After the match, Saga Bauer pads around the women’s dressing room feeling the tension run out of her body. There’s a taste of blood and tape in her mouth. She’d had to use her teeth to undo the fabric tape around her glove’s lacing. She looks at herself in the mirror and wipes away a few tears. Her nose is throbbing. She’d been thinking of other things during the match: her conversation with her boss and the head of the National Criminal Investigation Department and the decision that she was supposed to work with Joona Linna.
Inside her locker door is a sticker with the name Södertälje Rockets and a picture of a rocket that looks like an angry shark.

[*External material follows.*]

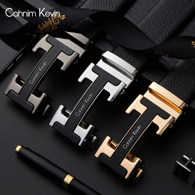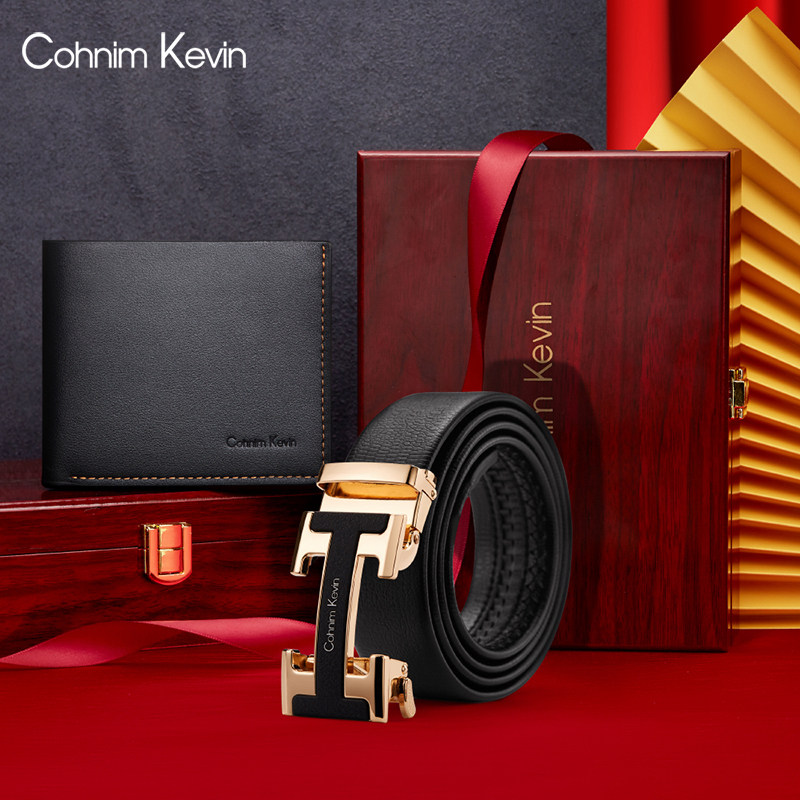 Cohnim Kevin men's belt leather automatic buckle gift box set simple and versatile to send to boyfriend on Qixi Festival

Saga’s hands shake as she pulls off her shorts, pelvic protection and underwear, a black tank top, and the bra with the breast shield. Shivering, she steps into the showers and turns on the stream of water. Water pours over her neck and back. She forces her mind to think of things other than Joona Linna as she spits blood-tinged saliva into the floor drain.
There are about twenty women in the dressing room when she returns. A round of KI aerobics must have just let out. Saga doesn’t notice them stop and stare at her in disbelief.
Saga Bauer is astonishingly beautiful, beautiful in a way that makes people weak in the knees. Her face is perfectly symmetrical and free of makeup, her eyes remarkably large and sky blue. Even with her pumped-up muscles and recent bruises, at five feet seven she’s finely shaped; most of the women in the dressing room would take her to be a ballet dancer, not an elite boxer or an investigator with Säpo’s security department.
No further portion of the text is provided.